Aller au contenu

Page:Revue des Deux Mondes - 1900 - tome 157.djvu/788

La bibliothèque libre.
Le texte de cette page a été corrigé et est conforme au fac-similé.

Il fut littéralement atterré. Mais je ne sais pas si ce qui l’agaça le plus ne fut pas de trouver un Français sûr de la supériorité des choses militaires françaises, et affirmant avec fermeté, sans réserve, cette supériorité devant un Anglais représentant la maison Armstrong. Bien entendu, il ne vit pas notre matériel, qui était soigneusement dissimulé. Trois années plus tard, c’est-à-dire en 1894, l’Angleterre devait, sous la pression de ses attachés navals, trop bien renseignés sur nos canons, essayer d’imiter la marine française, en transformant ses canons de 12 et de 15 ; elle a mis plusieurs années, en dépensant beaucoup d’argent, en tâtonnant d’une façon qui n’eût pas été tolérée en France, à faire une transformation coûteuse et qui laissait le matériel ainsi obtenu bien loin de celui que la marine française avait sur ses navires à la fin de 1892.

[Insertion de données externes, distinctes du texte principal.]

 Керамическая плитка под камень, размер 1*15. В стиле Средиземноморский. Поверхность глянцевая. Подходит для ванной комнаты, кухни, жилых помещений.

Nous avons eu l’heureuse chance, en même temps que le devoir, d’affirmer à la tribune, le 28 janvier 1893, les qualités militaires de premier ordre de notre artillerie transformée, sans laisser au député, notre adversaire, d’autre ressource qu’un plaidoyer, dont la phrase du maréchal Lebœuf et des considérations à lui personnelles, à titre d’excuses, forment l’ossature principale, s’il est permis de parler ainsi.

Ce qui se passait en 1891 s’est renouvelé en 1894 à la Chambre (nous avons eu l’honneur de le rappeler au Sénat, le 8 mars 1897) : un autre député n’avait pas craint de dire à la tribune que l’artillerie de la marine française était inférieure à la marine italienne ; et, de nouveau, ce même député, devenu ministre, en 1896, affirmait que les obus chargés en explosifs, de la marine française, étaient inférieurs à ce que possédaient, dans le même genre, toutes les nations étrangères. Les dossiers de la marine étaient pleins de preuves officielles, soigneusement, méthodiquement réunies, constatant la puissance effective de ces mêmes projectiles, que la marine française avait étudiés depuis près de huit années et perfectionnés sans relâche. Ces même dossiers contenaient également des pièces officielles établissant qu’il n’existait rien de comparable, ni d’approchant, hors de la marine française. Après avoir employé toutes les influences, toutes les menaces, tous les moyens, pour nous décourager, nous faire céder ou se débarrasser de nous, on a dû se replier et organiser, faute de mieux, contre nous et les obus de la marine, le complot du silence.